Gary is a wayward young bloke who slaughters chooks at an abattoir. His empathy for the doomed creatures marks him as a more sensitive soul than his co-workers – who bait him mercilessly – but when he’s out with best mates Aldo and Chunk, Gary is no better or worse than any of them.

He meets Denise, a young woman with big but vague dreams. For a moment, Gary thinks he has found what he has been looking for. It’s love, but is it enough?

The birth of a child comes as a grim reality check for Sarah, but Gary’s yearning to find meaning in life – to invest in something bigger than himself – becomes more acute. Degrading jobs and the death of a friend amplify his feelings of emptiness until, after watching a group of Muslim men praying at work, everything becomes clear.

The Call doesn’t seek to explain away Hicks or make a cautionary example of him. What it does do – very effectively – is demonstrate how our society fails to create a sense of belonging. If no routes for fulfilment are apparent, we shouldn’t be surprised at what directions people take on their own.


Echonetdaily 11th July 2018

last weekend of the call at the drill hall

The Call

The Drill Hall, Mulum | Fri 13 & Sat 14 July | 8 pm and 2 pm | $22-25

Australian playwright Patricia Cornelius’s The Call is an inspired choice for Mullumbimby’s Drill Hall Theatre Company. The play is based on the youth/early adulthood of David Hicks, the Australian who was captured in Afghanistan and later released from Guantánamo Bay. Mathew Godwin stars as Jerry who, with his two mates, struggles with alienation and poor employment opportunities by taking drugs and working dangerous jobs in abattoirs.

Jerry falls for forceful, angry Denise (played by Stevie Shumack) who desperately wants to travel overseas but ends up feeling trapped raising their children in an impoverished neighbourhood.
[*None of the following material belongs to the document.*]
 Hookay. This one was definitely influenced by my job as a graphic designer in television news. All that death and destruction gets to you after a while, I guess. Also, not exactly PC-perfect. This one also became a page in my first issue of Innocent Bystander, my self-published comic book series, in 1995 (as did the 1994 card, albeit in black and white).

Meanwhile, Jerry is distracted by their sexuality and thrill-seeking with his mates, the cynical Chunk (Dean Mitchell) and dreamy Aldo (Tom Davies).

The laugh-out-loud black humour picks up as anguish becomes the new norm. The Call for each of the three men differs, but for Jerry, an idealised version of Islam offers an escape. In all this Denise and the children are increasingly sidelined.
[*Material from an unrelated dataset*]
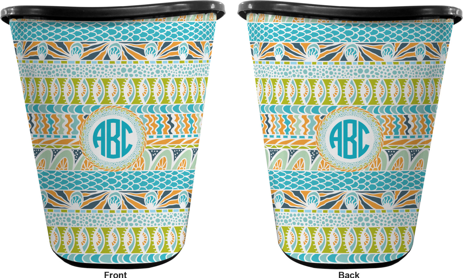 You can choose to purchase these decorative wastebaskets in either a white or a black color that will show on the base and the upper rim. Your customization is printed on a high-gloss, fine-quality vinyl adhesive, and you can choose to either have this adhesive applied to one side only or to both sides. As such, this plastic wastebasket can be single-sided or double-sided, depending on your creative vision. Your customization is printed using durable inks, making the design waterproof and resistant to fading over time.

Patricia Cornelius uses humour to leaven her honest, harsh, no-holds-barred dialogue to make a truly exciting night at the Drill Hall. The highly professional young cast, many in debut performances are superbly directed by local legends Mike Russo and Georgia Martin. The ensemble builds a searing and insightful commentary about the meaning of life in our Lucky Country. 

Reviewed by Jim Beatson

The Drill Hall Theatre’s latest offering The Call is in its last week. This edgy piece of Australian theatre explores what life is like in small country towns in rural Australia. It’s been called: ‘funny’, ‘disturbing’, ‘moving’, ‘real’, ‘thought-provoking’, ‘relevant’, and the cast was lauded with: ‘terrific young lead actors’.

Gary, the hero of the play, like David Hicks, grew up in a village, as we all do. In his case, the village let him down. How many Garys and Davids might there be in your village? If you are concerned about your village you should see this play to see what effect indifference can have on young lives.
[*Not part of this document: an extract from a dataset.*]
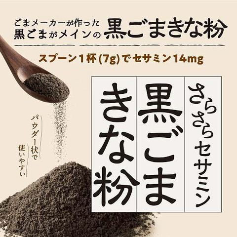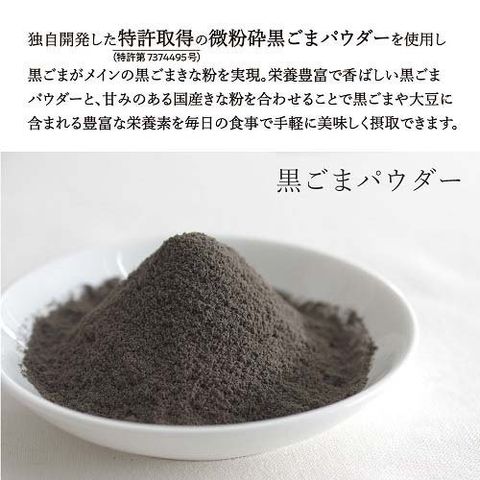 ●特許取得の微粉砕黒ごまパウダーを使用し、大さじ1杯(7g)に黒ごまを約3000粒使用した黒ごまがメインの黒ごまきな粉です。

The Call runs this Friday and Saturday at 8 pm and Sunday at 2 pm. Tickets $22/25 at The Bookshop, Mullum or


Facebook review by Mark Swivel

Who remembers David Hicks? Amazing how we ‘move on’, isn’t it? The Call, finishing next weekend at the Drill Hall, tells you the back story of how Hicks ended up at Guantanamo. It’s really a portrait of working-class life and the search for purpose. Because that’s his back story. Well acted and directed, it’s an hour and a half well spent. An important Australian story by one of our best writers – Patricia Cornelius – and it tells you a lot that most Australians have never heard of her. Muscular, funny, tight writing on the kind of society we are, rather than as advertised. Well done Drill Hall Theatre Mullumbimby.